However, physical changes in the state of detectors due to environmental and
instrumental factors, including extreme cases where a detector discontinues
observing for some time, introduce non-stationarity into the noise. Even slow
evolution of the detector sensitivity will affect long duration signals such as
binary neutron star (BNS) mergers. Mis-estimation of the noise behavior
directly impacts the posterior width of the signal parameters. This becomes an
issue for studies which depend on accurate localization volumes such as i)
probing cosmological parameters (such as Hubble constant, clustering bias)

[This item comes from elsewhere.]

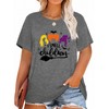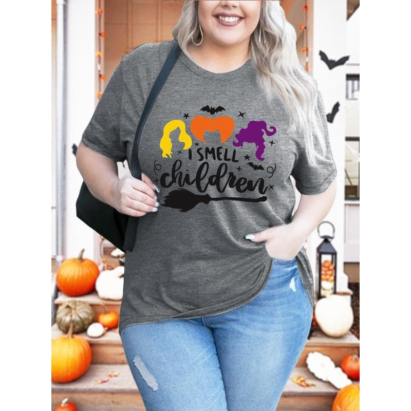 - 【FASHION FEATURES】Basic witch Halloween plus size T shirt, with unique printing process,funny graphic tees,Halloween witch short sleeve tops tees,the round neck design can modify the neck well,vintage graphic cute Halloween shirts,short sleeve,letters print,cover hip length.women's Halloween costumes.

using cross-correlation methods with galaxies, ii) doing electromagnetic
follow-up using localization information from parameter estimation done from
pre-merger data. We study the effects of dynamical noise on the parameter
estimation of the GW events. We develop a new method to correct dynamical noise
by estimating a locally-valid pseudo PSD which is normalized along the
time-frequency track of a potential signal. We do simulations by injecting the
BNS signal in various scenarios where the detector goes through a period of
non-stationarity with reference noise curve of third generation detectors
(Cosmic explorer, Einstein telescope). As an example, for a source where
mis-modelling of the noise biases the signal-to-noise estimate by even $10\%$,
one would expect the estimated localization volume to be either under or over
reported by $\sim 30\%$; errors like this, especially in low-latency, could
potentially cause follow-up campaigns to miss the true source location.